Did I Read That Right?
How do you feel knowing that the Alberta Government employs 214 full-time communications personnel, each of who make, on average $108,000?
This news, brought to light this last week by the Canadian Taxpayer Federation, seemed to set off a firestorm of opinions - at least in my day-job office. But it wasn't all about the actual numbers. Instead, it was in reference to the data itself.
My boss is a numbers guy and a bit of an economist, perhaps. When he first heard the $108,000 figure, he paused to evaluate that a little. Questions arose: does that include vacation time? Benefits? Other costs associated with the employee? Or is that purely the annual salary?

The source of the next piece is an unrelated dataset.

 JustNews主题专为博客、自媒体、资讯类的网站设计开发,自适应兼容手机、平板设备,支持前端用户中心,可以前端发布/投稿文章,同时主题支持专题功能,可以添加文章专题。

Sadly, we concluded, journalists don't always do their due diligence in asking those questions, and in disseminating the information in a more useful way. Because, of course, that figure would be a lot less inflammatory if it read "$60,000 (plus associated costs and benefits)". That does have a slightly different ring to it, now doesn't it?

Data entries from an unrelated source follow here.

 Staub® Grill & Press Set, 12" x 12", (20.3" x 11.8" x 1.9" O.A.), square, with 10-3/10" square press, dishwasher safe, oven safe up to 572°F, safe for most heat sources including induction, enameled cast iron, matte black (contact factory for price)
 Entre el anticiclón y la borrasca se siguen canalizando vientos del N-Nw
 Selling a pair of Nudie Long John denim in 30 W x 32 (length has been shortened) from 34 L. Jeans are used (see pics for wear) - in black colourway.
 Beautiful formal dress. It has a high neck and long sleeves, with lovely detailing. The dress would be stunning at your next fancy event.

But all too often, people read the headline, or the attention-grabbing, inflammatory, riot-inducing phrase that is laced with a hint of truth but not properly balanced with the full spectrum of context.
I'm suddenly reminded of the brilliant April fool's prank by NPR in which they titled a story "Why Doesn't America Read Anymore?" Of course, trillions* of people immediately commented online based purely on the title alone, many espousing the importance of reading… all the while neglecting to actually click the link to the full article (*Probably not the actual number). If they had indeed done some due diligence and pursued the full story, they would have found this:
“Congratulations, genuine readers, and Happy April Fools’ Day!”
We sometimes get the sense that some people are commenting on NPR stories that they haven’t actually read. If you are reading this, please like this post and do not comment on it. Then let’s see what people have to say about this “story.”
Best wishes and have an enjoyable day,
Your friends at NPR.
Huh. Sadly, that small article duped a lot of very smart people. But smart people don't always think for themselves and don't always get all of the facts before speaking their opinion.
Or they take some article they've read as gospel. I love, for instance, many of the 'urban legend' type tales that go around being posted to social media sites. My favourite recent post talked of a woman who was rescued six years after washing up on an island because some kid saw her SOS on Google Maps. When I first read the story, I hoped it was true, but I knew that it likely wasn't. I knew enough, however, to go and fact-check first before passing the story on to unsuspecting friends and family.
So I went to Snopes.com, one of my trusted myth-debunking sites. Sure enough, the story is a fake. They generally do a fair amount of research and try their best to prove a claim's validity, but they even go one step further.
The founders of Snopes don't just want readers to blindly take even what they say on faith, so they've planted a couple of red herrings amongst their website: stories that are so obviously false, which they've purported to be true. They know how the general populace has come to rely on their site for information, and yet see how few people take the time to even fully read the explanations or the data they've managed to find. I admit, I don't always delve that far either.
Why not? Well, there's so much of it out there! It can be hard to keep up. Do I have to fact-check every article I read? Or do I just stop reading the paper entirely because I can't trust anything I find in it?
I don't think either of these is the solution, but I do believe we all need to be aware that what we're reading can't be taken as gospel.
Why did the journalist write the story? What's his stake and slant? What about the newspaper or magazine it was printed in? Do they have an interest in sending a certain message? There are also the sources of the data. Like those financials from earlier - provided in a report from the Canadian Taxpayer Federation. They obviously have a certain agenda that they need to support. Presenting the average wage for those employees, without taking the time to break down those figures or perhaps explain them fully, certainly helps them paint a particular picture.
Now I'm not saying these numbers aren't egregiously large, or that this shouldn't incite the public to demand more bang for our tax-paying buck. I don't know. I haven't done the fact-checking and due-diligence to make those assertions. But have you?